Generally speaking, the current consensus would locate the West, at the very least, in the cultures and peoples of Europe, the United States, Canada, Australia, New Zealand, and parts of Latin America. There is debate among some as to whether Latin America is in a category of its own.[2][15][16] Also, there is debate among some as to whether Central and Eastern Europe (CEE) [17][18][19] is in a category of its own. An argument supporting Central and Eastern Europe being a part of the West is that Central European, Southeastern European and Baltic countries such as Czech Republic, Poland, Hungary, Estonia, Lithuania, Latvia, Slovakia, Slovenia, Bulgaria, Romania and Croatia are now part of the European Union and NATO, which mostly comprise Western countries. These countries were both heavily influenced by and influenced the Western World, and share sociological values and culture. The Russian culture (particularly literature, music, painting, philosophy and architecture) is classified as a part of the Western culture. Russia is often not counted politically as a part of the Western World due to contemporary political isolationism of the country.[20]

In addition, there is debate among some as to whether Israel is part of the West. Although geographically Israel is located in the Middle East south of Lebanon, it has democratic form of government, free market economic system, high standard of living and major contributions to science. According to Sammy Smooha, a professor emeritus of sociology at Haifa University, Israel is described as a “hybrid,” a modern and developed “semi-Western” state. With the passage of time, he acknowledged, Israel will become ”more and more Western.” But as a result of the ongoing Arab-Israeli dispute, full Westernization will be a slow process in Israel.[21][22] Similarly, there is debate among some as to whether Japan and South Korea are part of the West. Although geographically Japan and South Korea are located in East Asia, they have democratic form of government, free market economic system, high standard of living and major contributions to Western science and technology, and could be described as “hybrid,” modern and developed “semi-Western” states.

Western culture

The term "Western culture" is used very broadly to refer to a heritage of social norms, ethical values, traditional customs, religious beliefs, political systems, and specific artifacts and technologies.

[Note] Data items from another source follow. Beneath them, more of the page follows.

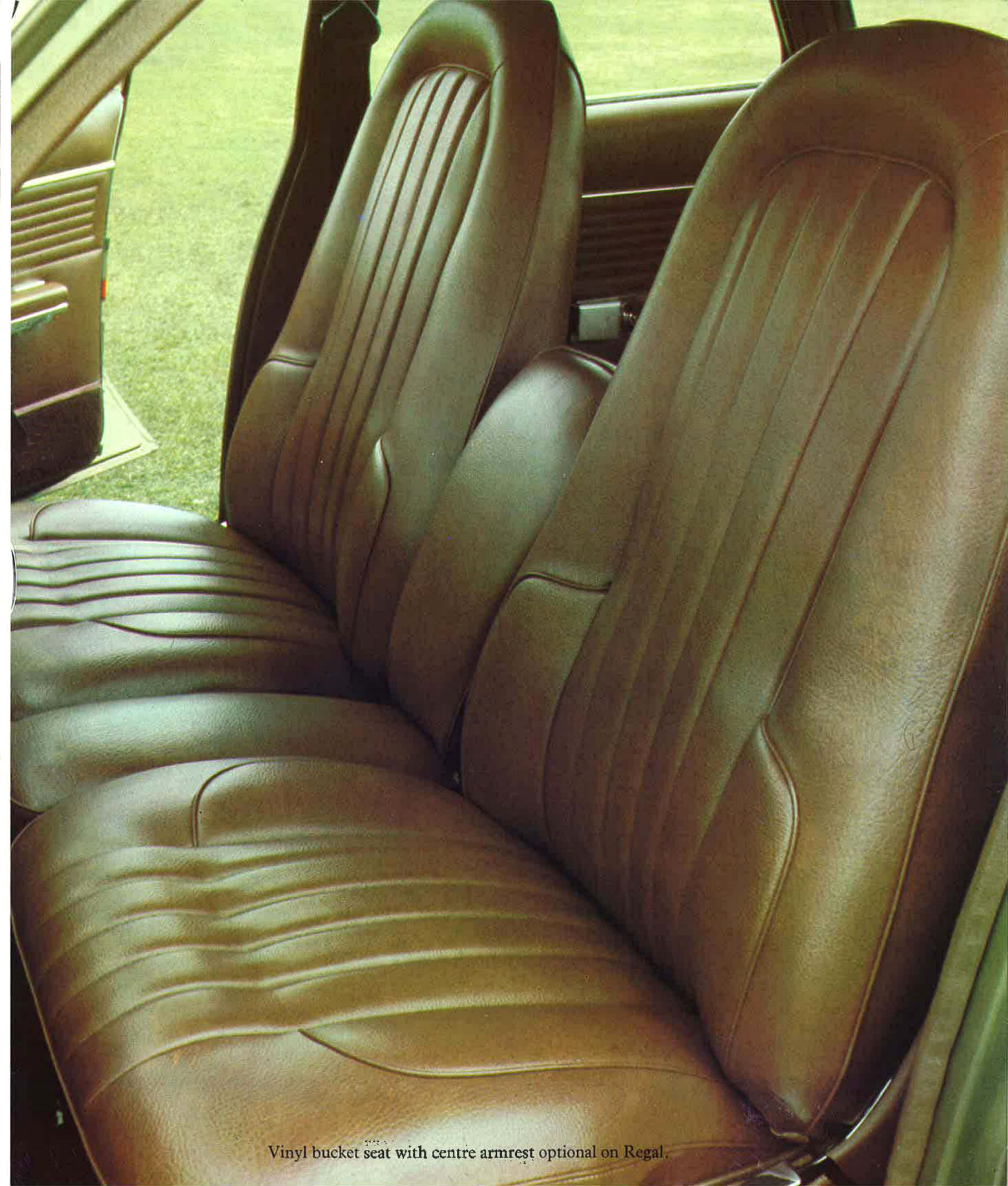
Vinyl bucket seat with centre armrest optional on Regal.
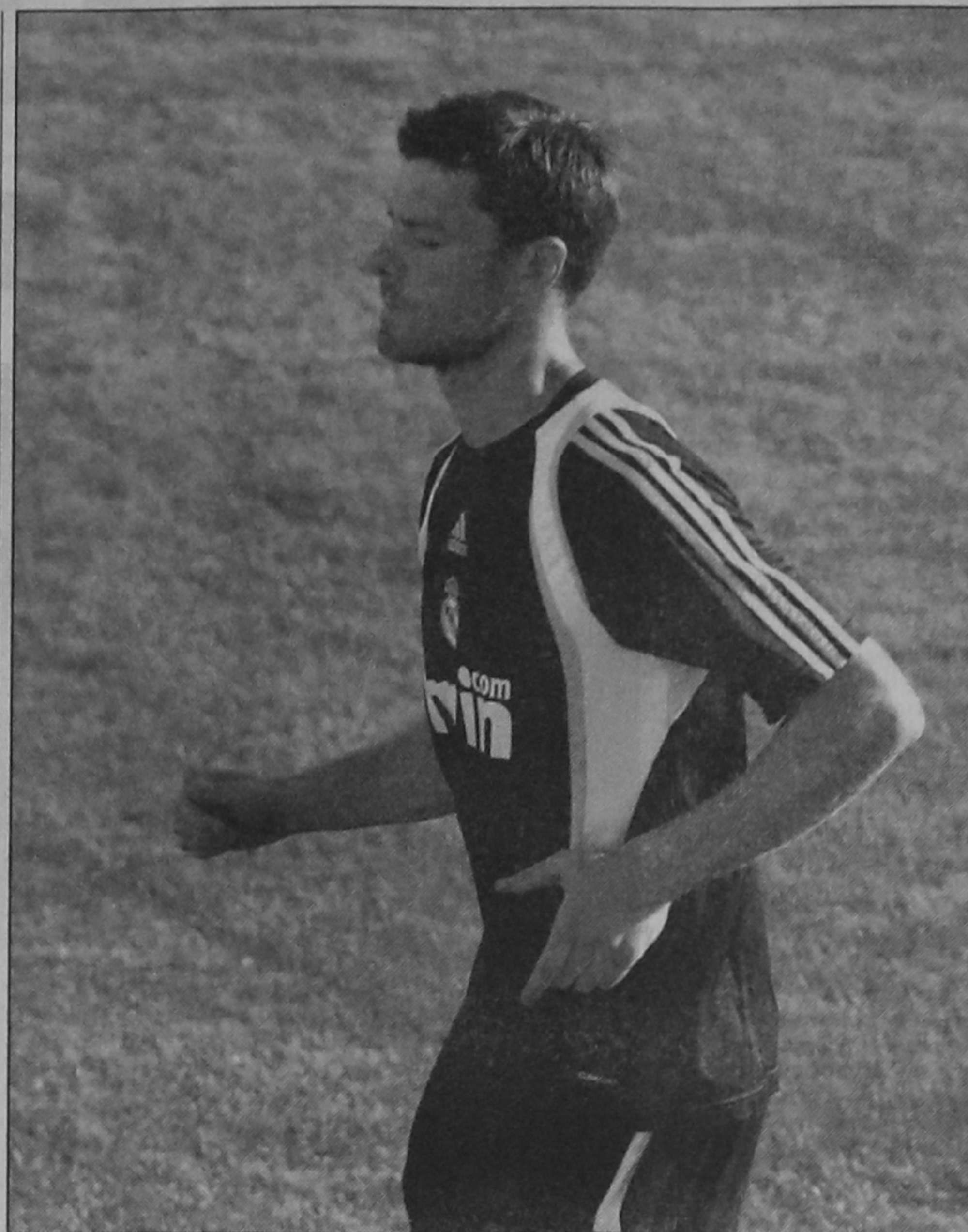
Real Madrid's new signing Xabi Alonso runs during a training session in Madrid on Wednesday.

"He probably should have had four. He showed marvellous movement at times and when he took that great pass from Wayne Rooney, he put the ball over the keeper but just past the post."
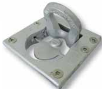
108mm (l) x 106mm (w)
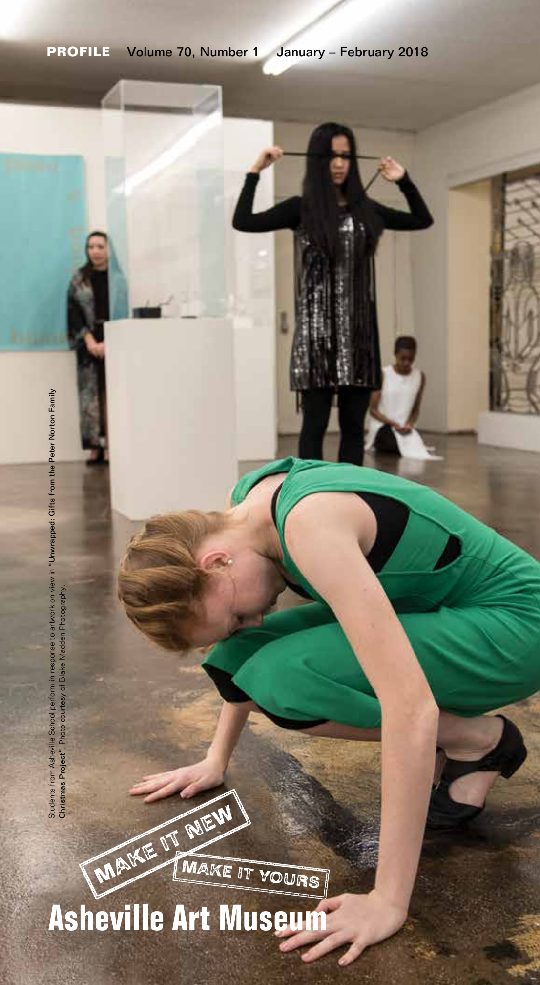
Students from Asheville School perform in response to artwork on view in “Unwrapped: Gifts from the Peter Norton Family Christmas Project”.

Saturday, JUNE 9 — Renaissance Asheville Hotel
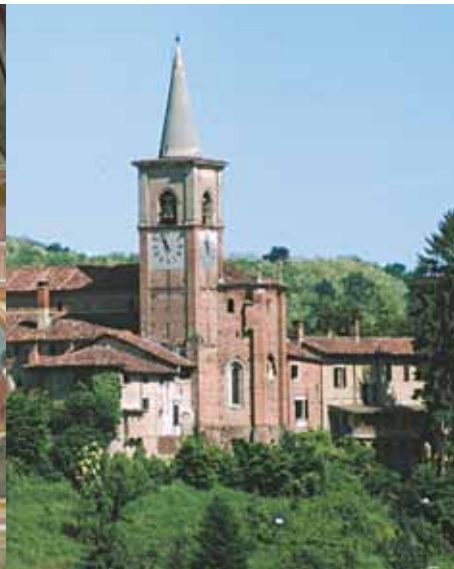
The village of Castiglione Olona
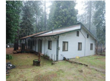
Pioneer 26281 Oxbow Rd $110,000 #10098644-ML
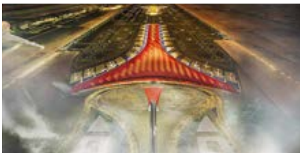
Beijing Capital Airport, Beijing, China
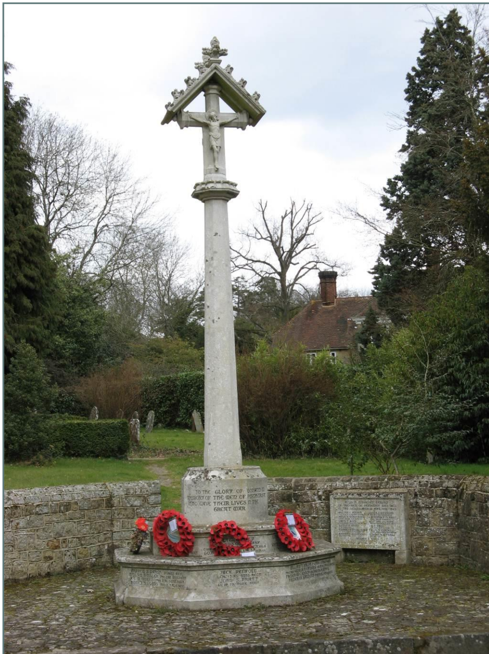
The First World War memorial, now listed, facing Church Lane. The fallen of the Second World War are remembered on the separate stone plaque against the wall
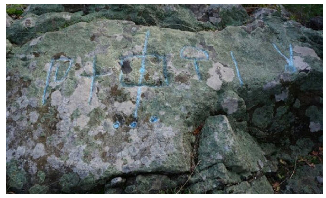
Figure 1. Rock hosting the inscription of Parvomai.

The first character of the inscription corresponds perfectly to a character of the inscription on the plate of Gradeshnitsa dated to the 5<sup>th</sup> millennium BC. The second character corresponds to a character on an artifact from Valchi Dol dated to the 5<sup>th</sup> millennium BC. This character can be found also among the characters of the Magura cave, which according to some researchers could be dated to the 5<sup>th</sup> millennium BC. The third character
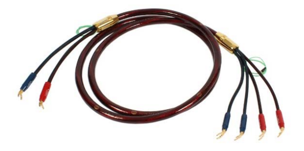
The Nova – Mounted as bi-wiring set with gold plated BERRI busconnectors
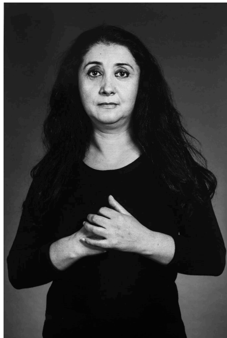
Shirin Neshat, Ilgara, from the series “The Home of My Eyes” (2015).

Land of Dreams is influenced by Surrealist filmmakers Man Ray and Maya Deren, but is based on Neshat’s own experiences as an Iranian-American who came to the US in 1975 and, at just 17, enrolled at the University of California at Berkeley. Neshat lived in exile throughout the Iranian Revolution of 1978-79, as well as the Iran-Iraq war of 1980-88, and continues to live in the US today.
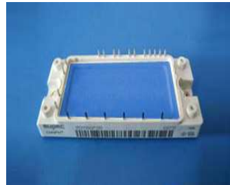
BSM50GX120DN2 Infineon IGBT Modules 1200V 50A
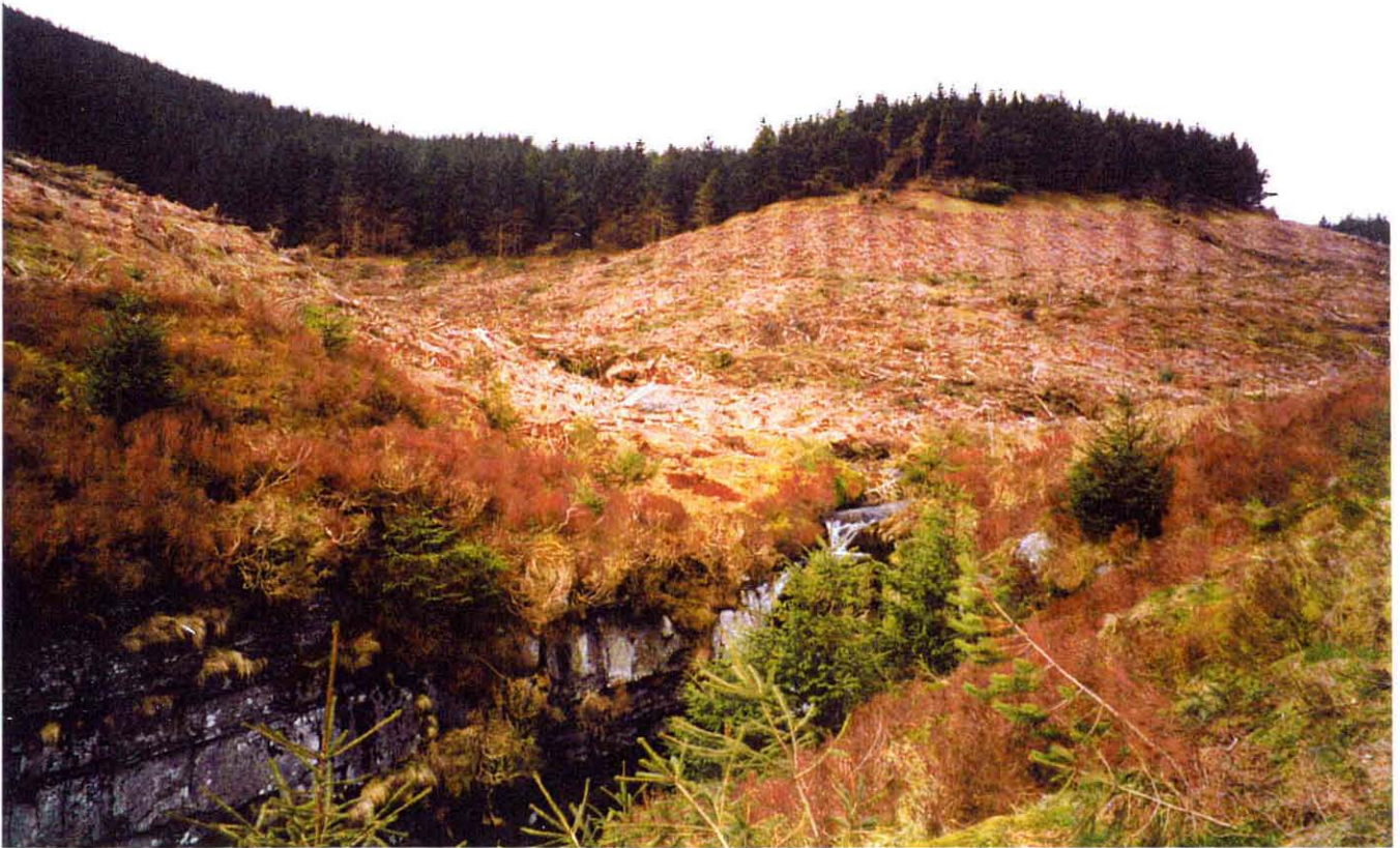
Plate 23: View to north-west over top of open-cut towards the large area of clearfell.

The clearfell operations have opened up in particular the area around the Bronze Age open-cut (18531) and the reservoir (20899). The north side of the cut was previously obscured from view. (April 2001)
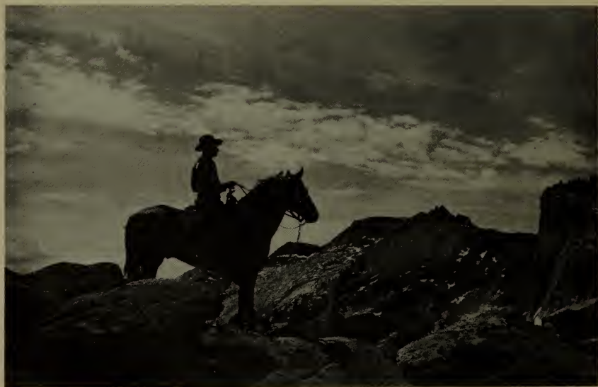
A Ranger Near Mount Hoffman, Yosemite National Park.

Much of the work on the different classes of reservations is the same and is directed primarily toward conservation of forests. The approved types of forest protection now being undertaken include protection against fire and insect infestation, blister rust and tree disease, and roadside fixation and erosion control.
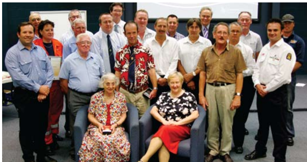
SES volunteers from Brisbane, Redcliffe, Caboolture, Redlands and Beaudesert units were recognised by their peers at a medal ceremony recently.

Ms Fyfe was presented with an Outstanding Service Certificate.
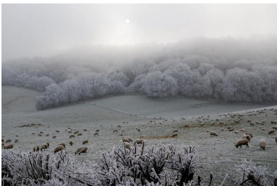
Sheep grazing on the north slope of the South Downs at Ditchling.

https://southdownsnationalparkauthority.adventcalendar.com/
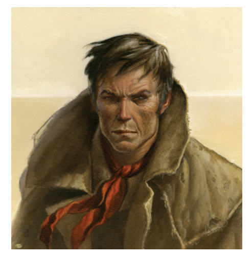
Gunslinger Roland Deschain as envisioned by artist Michael Whelan.

range of hardware configurations and, as Petit puts it. "what life would be like under each choice." Stark considered the options and then selected a 3DBOXX 8500, the top of the BOXX workstation line, featuring dual guad-core Intel® Xeon<sup>®</sup> processors. He also opted for a custom configuration he believed would best suit the workflow demands of both Discordia and stephenking.com. Stark's confidence in BOXX was buoyed by the fact that all possible BOXX configurations have been pre-tested by BOXXlabs before they are ever chosen by customers. "Everyone at BOXX dealt with us on a level that I would describe as "boutique," says Stark. "This is a good thing when you're talking about fine computers."
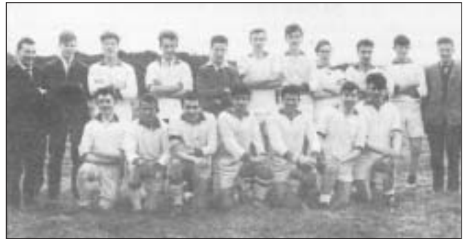
Mullinabreena, home based players, 30th Oct. 1966

Specifically, Western culture may imply:

  • a Biblical Christian cultural influence in spiritual thinking, customs and either ethic or moral traditions, around the Post-Classical Era and after.
  • European cultural influences concerning artistic, musical, folkloric, ethic and oral traditions, whose themes have been further developed by Romanticism.
  • a Graeco-Roman Classical and Renaissance cultural influence, concerning artistic, philosophic, literary, and legal themes and traditions, the cultural social effects of migration period and the heritages of Celtic, Germanic, Slavic and other ethnic groups, as well as a tradition of rationalism in various spheres of life, developed by Hellenistic philosophy, Scholasticism, Humanisms, the Scientific Revolution and Enlightenment.

The concept of Western culture is generally linked to the classical definition of the Western world. In this definition, Western culture is the set of literary, scientific, political, artistic and philosophical principles that set it apart from other civilizations. Much of this set of traditions and knowledge is collected in the Western canon.[23]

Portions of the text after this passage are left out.